Cluster Guide

From Blazegraph
Jump to: navigation, search

We recommend that you ask for help when attempting your first cluster install!

Cluster Setup

Preconditions

  • Linux. The installer assumes linux. We are happy to do ports to other platforms, but right now bigdata installs on linux. The main dependency is how we collect performance counters from the OS. Some counters are collected from vmstat, but many are taken from sysstat. Performance counter collection for Windows uses typeperf, but we do not have an installer for Windows. There is a ClusterSetupGuide, which shows you how to configure a fedora core 10 basic install for use with bigdata.
  • Swap. As root, do 'sysctl -w vm.swappiness=0' on each host. By default, Linux will start swapping out processes proactively once about 1/2 of the RAM has been allocated. This is done to ensure that RAM remains available for processes which might run, but it basically denies you 1/2 of your RAM for the processes that you want to run. Changing vm.swappiness from its default (60) to ZERO (0) fixes this.
  • Either procmail (for the lockfile command) or dotlockfile must be installed on each machine. This is used to coordinate the bigdata subsystem lock.
  • sysstat must be installed on each machine. This is used to collect performance counters from the OS. (Let us know if you can't install sysstat on your cluster.

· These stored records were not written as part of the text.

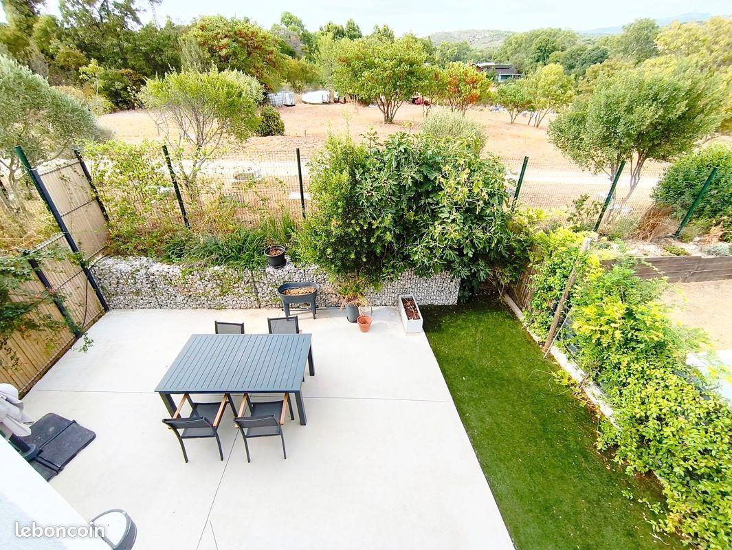 ?A vendre Sur les hauteurs de Sainte Marthe, charmante maison mitoyenne de 83m2, avec jardin d'environ 130 m2. La maison a été construite en 2023 et est donc toujours sous garantie décennale. Cette maison séduit par son côté pratique, proche de toutes commodités à pieds (école, boucherie, pharmacie, supermarché Utile), mais aussi par son côté "nature", de par sa proximité avec la colline et sa vue sur le pic de l'étoile. L'espace derrière la terrasse est classé boisé. ? ??Proche du Bus 3 direction métro la Rose. Proche de la L2 (autoroutes), à mi-chemin entre la Valentine et Plan de Campagne. Pas de travaux à prévoir. Pompe à chaleur. Système d'alarme. Au Rdc : - Une grande cuisine aménagée ouverte - Un espace séjour / salle à manger lumineux donnant sur une grande terrasse d'environ 35 m2 sans vis à vis. - Un Wc indépendant avec vasque simple - Possibilité d'accès au garage (17m2) par le salon. À l'intérieur de celui-ci, possibilité de garer une voiture et d'installer une machine à laver et sèche linge (prises et arrivée d'eau déjà présentes). - 1 place de parking également devant le garage. - Portail motorisé - Jardin avec gazon artificiel + arrosage automatique avec installation goutte à goutte pour l'ensemble des plantes longeant la clôture. À l'étage : - 3 chambres avec placards intégrés : - une avec suite parentale (douche à l'italienne et vasque simple). - 2 donnant accès à une terrasse de 12m2 - Une salle de bain avec baignoire et double vasque - Un wc indépendant Prix : 392 000 € Agences s'abstenir svp merci.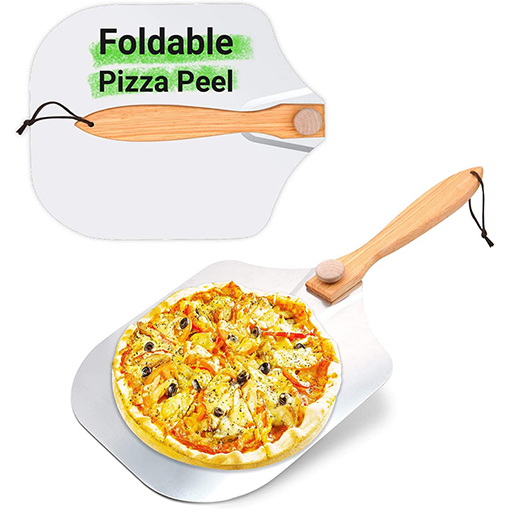 Aluminum Metal Pizza Peel with Foldable Wood Handle 12″ x 14″ Great Gift for Homemade Pizza Enthusiasts. Easy Storage Pizza Spatula for Baking Bread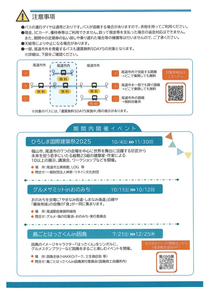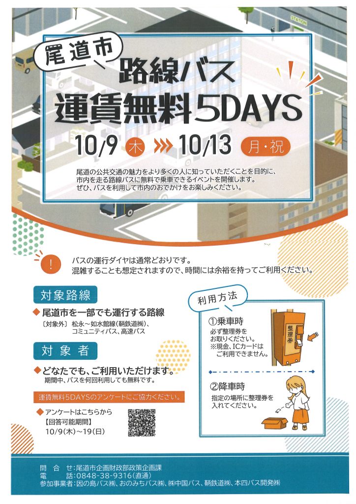 10/9(木)~10/13(月・祝)尾道市路線バス運賃無料5DAYSの実施について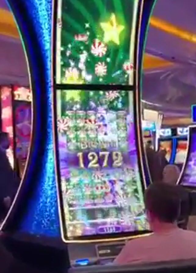 person sitting in front of a "Light & Wonder" slot machine in a casino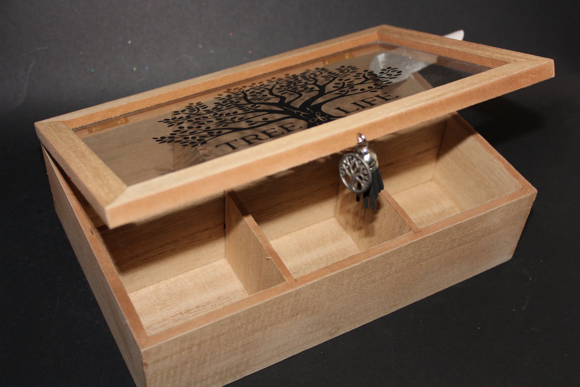 Timber Jewellery Box with hinged, glass lid with Tree of Life print and tassel. Box has 6 divided sections - 240mm x 160mm - 70mm high.

We are considering workarounds to make this dependency optional).
  • ntpd. This is not a strict requirement, but we highly recommend having ntpd setup on your cluster. This will make the bigdata script much more predictable since all hosts will run the cron job at the same moment. It will also make it easier to correlate performance counter and events reported by the system since they will be on a common time base. There are pointers to resources, for how to do this in build.properties. There are sample configurations for an ntpd server and an ntpd client in src/resources/config.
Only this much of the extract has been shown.